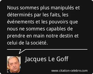 Nous sommes plus manipulés et déterminés par les faits, les événements et les pouvoirs que nous ne sommes capables de prendre en main notre destin et celui de la société.
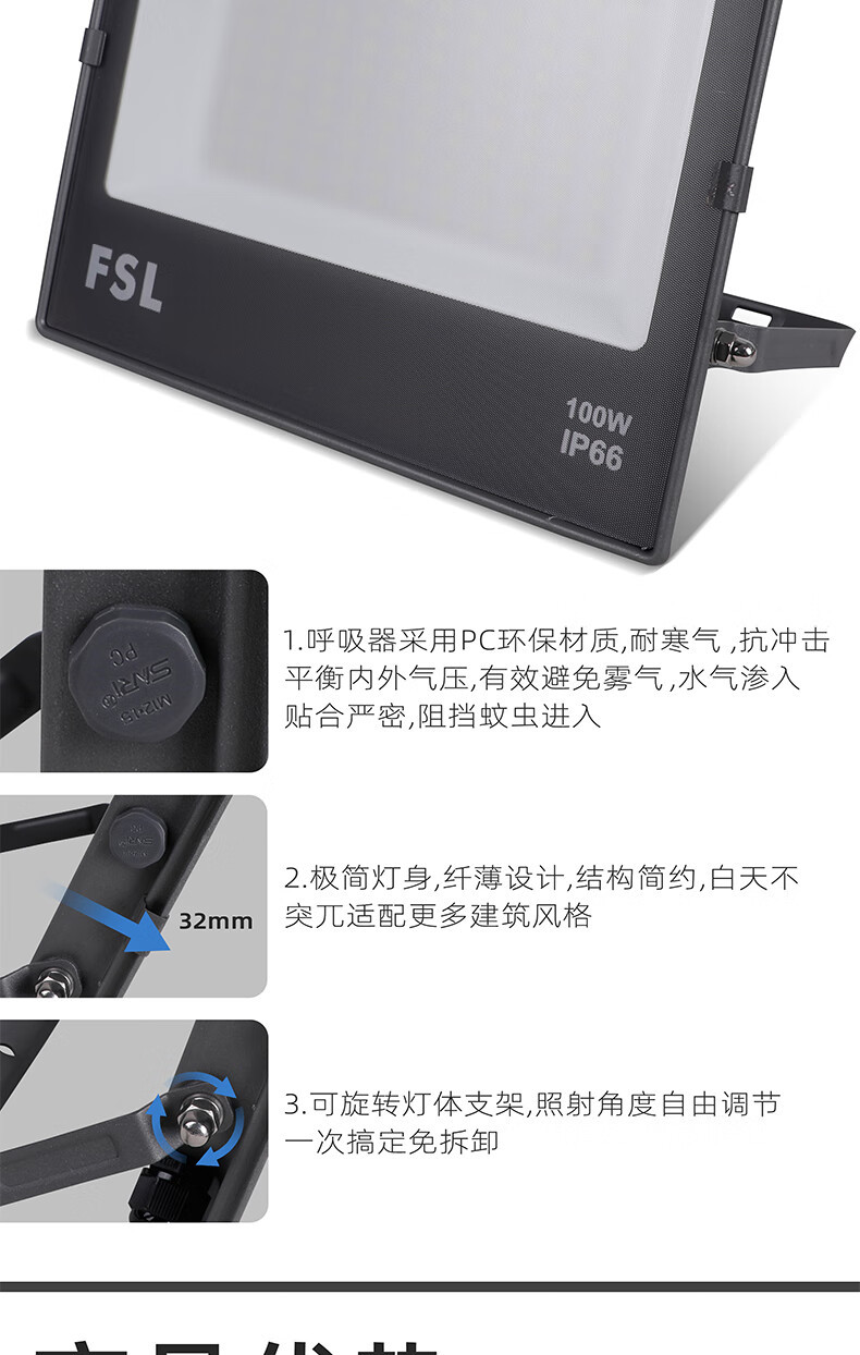 FSL 불산 조명 led 야외 방수 투광 조명 사이트 안뜰 공장 간판 스포트라이트 50W100W200W
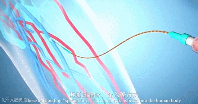 比如,我们可以从血液中采集健康的富有免疫活力的种子细胞,在严格质控的细胞试验室内,完成对这些种子细胞的培养、扩增或改造等特训过程,从而组成一支免疫细胞的特种兵部队。再通过静脉介入等方式,将这些优秀的特种兵输回到人体内。
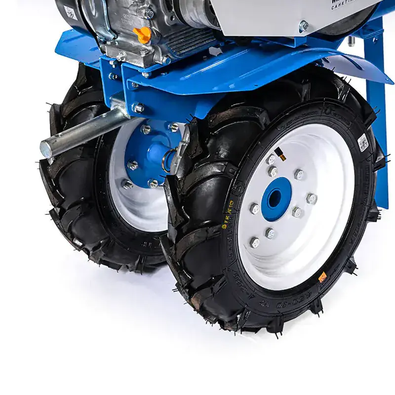 В качестве трансмиссии в бензиновом мотоблоке выступает шестеренчато-цепной редуктор, который оснащен алюминиевым корпусом. Редуктор обеспечивает большую силу тяги до 300 кгс. За счет этого мотоблок подходит для перевозки тяжелых грузов и обработки любых типов почв.

★ ★ ★ ★ ★

Please restate the lines above exactly, starting at the first line of the data and stopping at the line containing "比如,我们可以从血液中采集健", which is included. Omit pictures.

 Nous sommes plus manipulés et déterminés par les faits, les événements et les pouvoirs que nous ne sommes capables de prendre en main notre destin et celui de la société.
 FSL 불산 조명 led 야외 방수 투광 조명 사이트 안뜰 공장 간판 스포트라이트 50W100W200W
 比如,我们可以从血液中采集健康的富有免疫活力的种子细胞,在严格质控的细胞试验室内,完成对这些种子细胞的培养、扩增或改造等特训过程,从而组成一支免疫细胞的特种兵部队。再通过静脉介入等方式,将这些优秀的特种兵输回到人体内。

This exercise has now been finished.